Bulls

The value of a number: Michael Carter-Williams' decision to wear No. 7

The value of a number: Michael Carter-Williams' decision to wear No. 7

Given the political climate of the day, it’s fitting Michael Carter-Williams’ first lesson as a member of the Chicago Bulls was the art of diplomacy.

In a span of a few short hours, Carter-Williams went from preparing for a game against the Chicago Bulls Saturday night to finding out he was traded to the Bulls and had to deal with everything that came with being traded during the NBA season: Moving on short notice, saying goodbyes while saying hello to new people and experiences.

And in a few short hours Monday night, he went from picking out his old jersey, No. 1, to letting it go and selecting No. 7, after being told by the team he could reclaim the number he had throughout his life and his rookie year.

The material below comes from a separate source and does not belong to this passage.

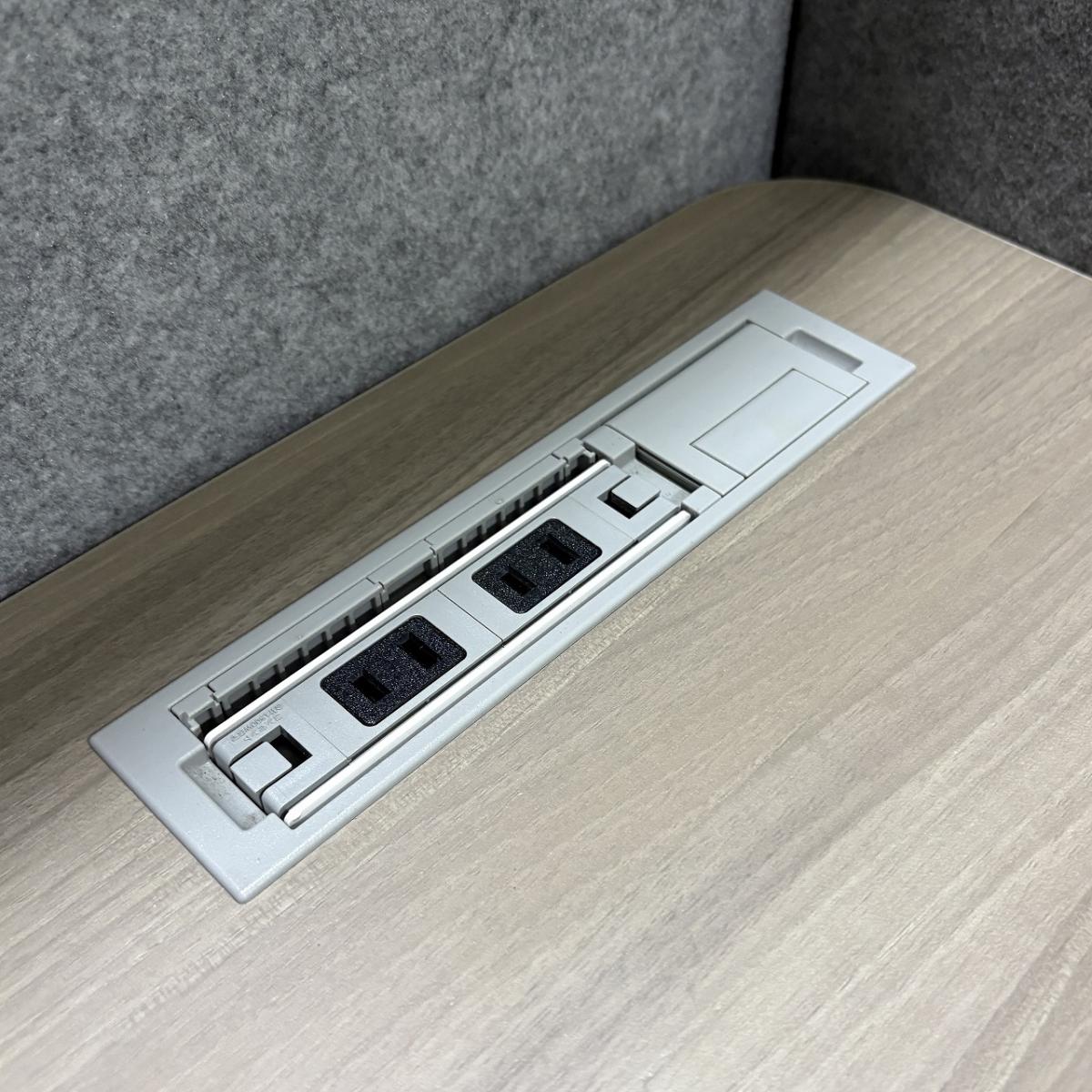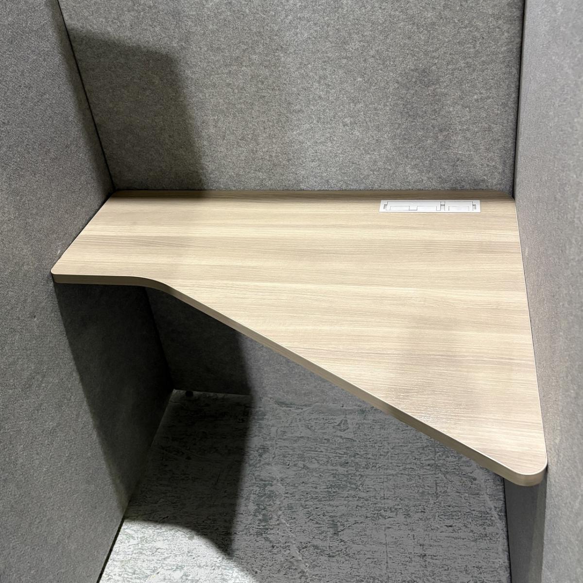 視線がブースの角に向かい、周囲の人の動きが視界に入りにくくなるようにデザインされたワーク天板。

Whether it was the Twitterverse or the Bulls changing their minds about giving away Derrick Rose’s old jersey number, diplomacy prevailed by 10 p.m.

“I know the discussion is probably gonna be D-Rose’s old number,” Carter-Williams said in the hallway of the United Center while meeting the media for the first time before Monday’s game. “That has nothing to do with D-Rose. He was great for the city, he’s an excellent player. I’m not trying to step on anybody’s toes or boundaries. It’s just a number I like.”

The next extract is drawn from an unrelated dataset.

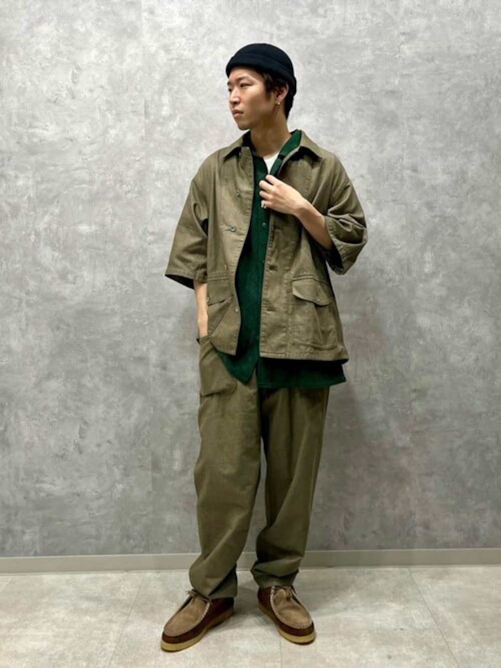 年齢:20代後半 身長:170cm 体型:やせ型 ▼アイテム別紹介 【ARMY TWILL / アーミーツイル】別注 Denim ユーティリティーシャツ 着用サイズ:L サイズ感:身幅、袖口にもゆとりがあって風が通りやすいサイズ感です。 素材感:さらっとした素材感です。 着心地:暖かい時期のオシャレアイテムとして快適に着用することができます。 【ARMY TWILL / アーミーツイル】別注 4PK デニムパンツ 着用サイズ:L サイズ感:お尻と太もも辺りはゆったりとして着やすいサイズ感です。 素材感:さらっとした素材感です。 着心地:暖かい時期でもストレスなく履くことができます。

His introduction to the Bulls won’t come with the mixed reaction of being compared to the hometown kid, and one would wonder why, given the bad luck Rose endured after his MVP campaign, Carter-Williams would even want to claim the number as his own again.

“I was (No.) 1 in college, (No.) 1 in Philly,” Carter-Williams said. “I feel like I had success in Philly, Rookie of the Year. I was (No.) 5 in Milwaukee. It’s a new place. I’m trying to get the chip on my shoulder back.”

He couldn’t wear No. 1 in Milwaukee due to Oscar Robertson’s jersey being retired there, and if he asked for it then, he was likely given a history lesson he’ll never forget.

The discussion about jersey numbers temporarily obscured the actual discussion about the Bulls’ acquiring a former Rookie of the Year to bolster their bench as a backup point guard and in addition, changed the narrative for why such a talented and productive player has been traded twice before hitting restricted free agency.

Before then, most discussion revolved around why the Bulls picked up yet another perimeter player whose 3-point shooting was closer to the Mendoza line than the league average.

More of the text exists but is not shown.